Inside America’s Auschwitz

A première vue, le « Mur d’honneur » du musée de l’esclavage Whitney Plantation en Louisiane – une série de pierres de granit gravées des noms de centaines d’esclaves qui y ont vécu, travaillé et sont morts – évoque n’importe quel mémorial de l’Holocauste. Mais comme l’a fait remarquer le futur maire de la Nouvelle-Orléans lors de l’inauguration du musée en 2008, ce site est différent ; c’est l’Auschwitz de l’Amérique.

« Entrez », a déclaré Mitch Landrieu à la foule, selon le New York Times. « Vous devez entrer à l’intérieur. Quand vous marchez dans cet espace, vous ne pouvez pas nier ce qui est arrivé à ces gens.
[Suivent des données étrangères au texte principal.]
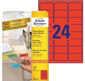 Etykiety usuwalne kolorowe Avery Zweckform, A4, 20 ark./op., 63,5 x 33,9 mm, czerwone
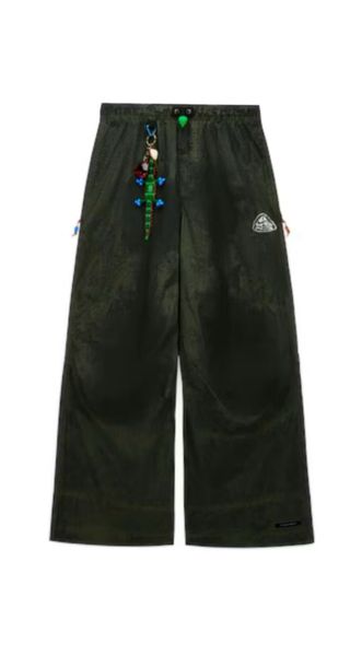 Pantalón de la colaboración Nike ACG x CPFM en tono verde oliva. Presenta un diseño ancho y moderno. - Detalle de charms colgantes en la cintura. - Parche con logo en el lateral derecho. - Cordón ajustable en la cintura.
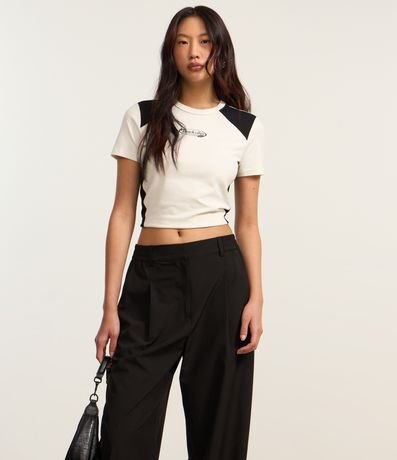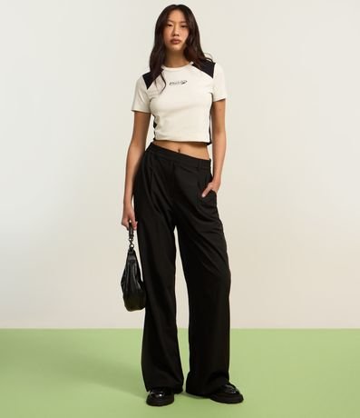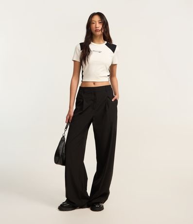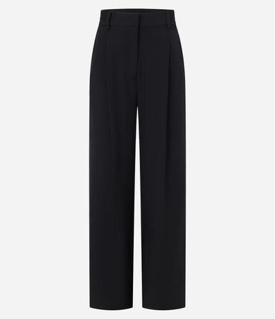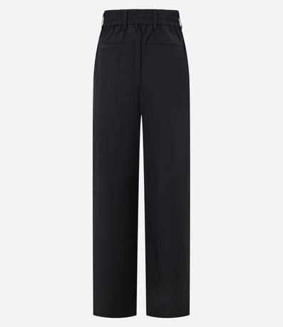 Ref: Calça reta de corte alfaiatado com passantes na cintura e elástico detrás do cós. A peça tem bolsos falsos atrás.
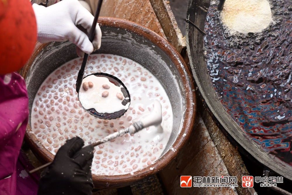 舀米浆。

Vous pouvez le ressentir, le toucher, le sentir. »

L’ancienne exploitation d’indigo, de sucre et de coton, qui a finalement ouvert au public après des années de restauration minutieuse en décembre 2014 en tant que premier musée des esclaves du pays, est un avatar moderne de l’injustice. Niché à l’écart de l’historique River Road qui longe le lent et paresseux méandre du Mississippi, le domaine a été construit à la fin des années 1700 par l’entrepreneur Jean Jacques Haydel sur un terrain acheté par son père Ambroise, un immigrant allemand. C’est le jeune Haydel qui a agrandi le domaine et fait de la plantation un acteur clé du commerce du sucre en Louisiane, délaissant les marchés moins rentables de l’indigo. Quelques années après la guerre civile, un Nordiste du nom de Bradish Johnson a acheté la propriété et lui a donné le nom de son petit-fils Harry Whitney.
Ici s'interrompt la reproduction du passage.